Hello, just joined the group today, after reading lots of helpful messages last night. (But not before opening the dreaded google doors.)
I’m 36 (37 next month) with two young children.
I found a lump in my breast just under 4 weeks ago and having never suffered from ‘lumpy boobs’ before, I have freaked out.
Went straight to my GP who confirmed an ‘irregular lump’ and referred me. My appointment for the breast clinic was this time last week. Ultrasound, mammogram, core needle biopsy on x3 ‘suspicious’ areas in my left breast - x2 lumps and an area they’re ’not happy with,’ and then a second mammogram, just on my left breast. (They’ve put markers in each of the areas they’ve tested - in case I need surgery, I was told!!)
Also, they think they knicked a blood vessel on one of my biopsies, as they couldn’t stop the bleeding (bled a lot for an hour and a half) before finally deciding to pop stitches in. So, 3 holes and a VERY colourful boob!
They were all lovely at the clinic, but the waiting is killing me and I’ve had no real indication of isn’t it/is it??? Other than when I asked could they be cysts and was told no. I suffer really badly with anxiety and was actually signed off work, for a couple of weeks with a panic attack, when I found the lump. As you can imagine, this has heightened me more.
As another week has now gone by, I called the breast clinic today to see if there are any updates on my results. A nurse called me back and said all the tests haven’t come back yet. I asked if they could give me any indication of preliminary results and was told no, as the clinicians have not met to discuss.
I hope others are handling the waiting better than I am. Any advice or support, from anyone, greatly appreciated.
Hi Ruthy
The waiting is definitely hard. It's so easy for your mind to run, and the temptation to go 'Googling' is strong. I had a colonoscopy and was diagnosed with cancer straight away, so didn't have the 'is it/ isn't wait' as such. But I had a two month wait before treatment began, and that was tough.
When I told my boss (an online content expert) about my diagnosis, his immediate advice was 'Don't Google anything. The top results will tend to be the scariest, because that's what sells.' So I didn't and I'm glad for it.
My second tactic was to make a determined effort to focus on the present moment and the day ahead of me. This was to stop my mind running and creating unnecessary, unhelpful worry. I used meditation - often first thing in the morning - to calm and energise myself. My partner offered to do the communication with the hospital, which also stopped my anxiety peaking - because I just get nervous with anything hospital related! And I distracted myself as much as possible - to avoid quiet moments when my mind would run. Reading, TV, etc.
Your reaction is completely normal - but you have the medical teams on your side now. They know what they are doing, and in my experience, have been incredible. If you can put your faith in them, that will bring some peace of mind too.

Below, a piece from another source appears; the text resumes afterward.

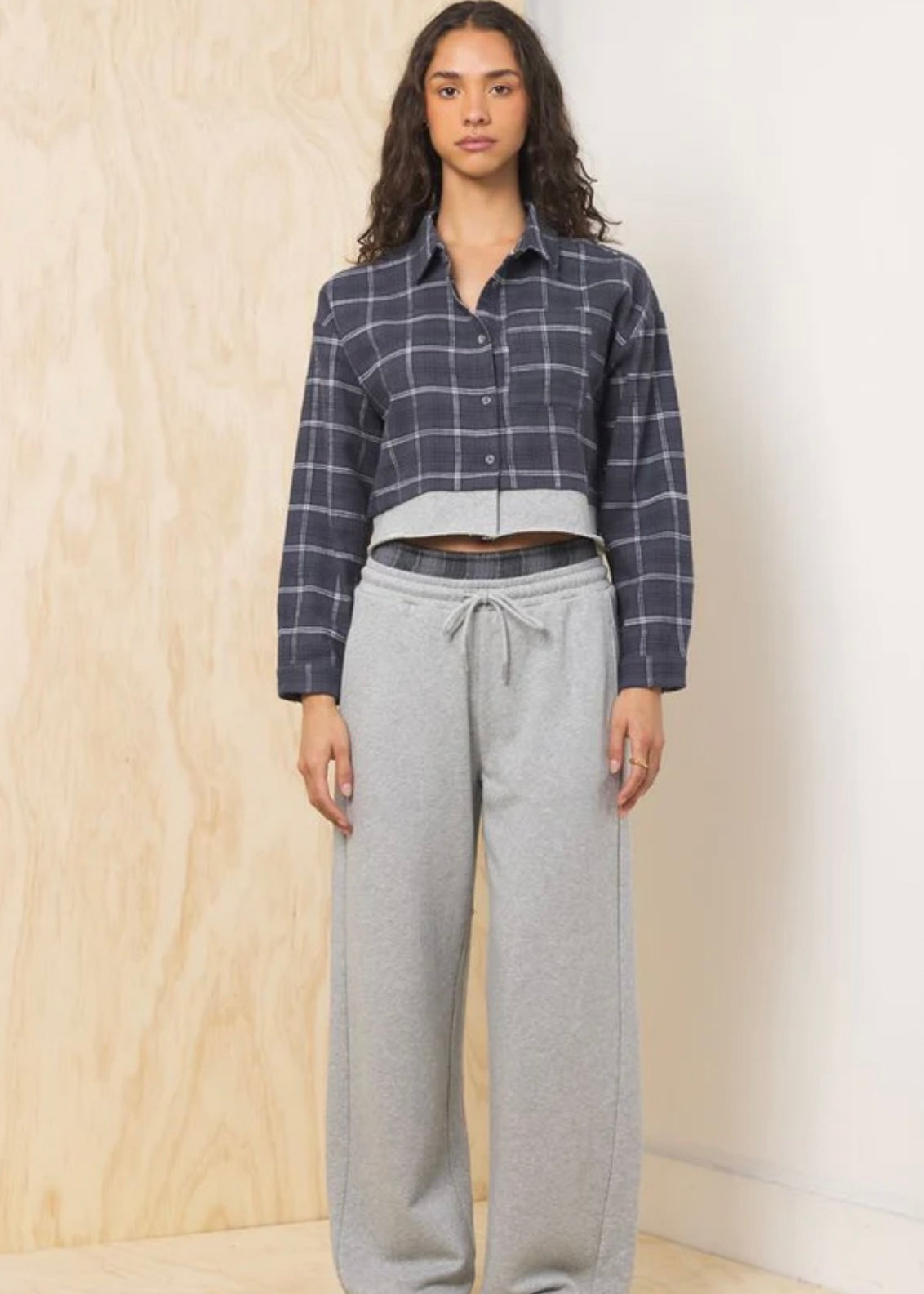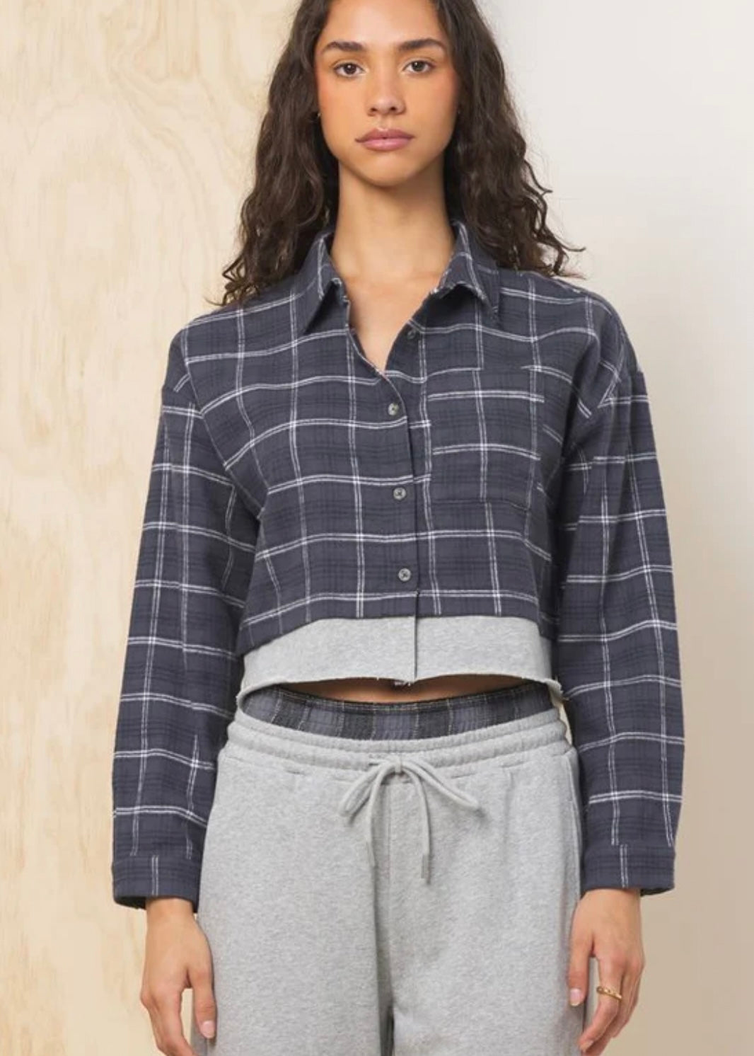 • The Flannel Shirt with French Terry Hem combines classic comfort with modern style. Crafted from soft, breathable flannel, it offers warmth and durability, while the French terry hem adds a unique, casual touch and extra softness around the waist. This versatile shirt is perfect for layering or wearing on its own, providing both comfort and a refined look suitable for everyday wear or relaxed outings.

You're not alone and I wish you the very best. Stay positive - it really helps.
Hi RuthyNorthEast,
I had exactly the same as you, a lumpectomy just over a month ago and two lymph nodes removed. I also had three biopsies and a boob with more colours on it then Benetton. It is a shock when you are told and it is important you take a bit of time to let it register and sink in and I know the waiting is the worse, but there are things you can do.
You have made the first big step by finding the Macmillan site, also do visit your nearest Macmillan centre, a list is on here, or ring them on 0808 808 0000, they are superbly helpful and give you lots of great info, do walks, talks and lots more. Please also get a good support structure in place, family, friends, good work colleagues, I’ve lived on my own for nigh on forty years, but realised you can’t do this on your own. I also go for a short walk every day (British weather permitting) and do a daily diary, this is mega helpful, as it gets everything off your chest and out of your system. You must do things to keep you occupied and most importantly, be kind to yourself, I promise you, you will get through this. I listen to a meditation podcast when I feel a little anxious, especially when I’m trying to sleep. I use one called ‘Go Gently’ by Christine Elizabeth Smith, it works great for me.
I know it’s hard sometimes, but try and keep as positive as possible can, have positive people around you and dump the negativity. You are not alone and can always come and chat to us shower in here.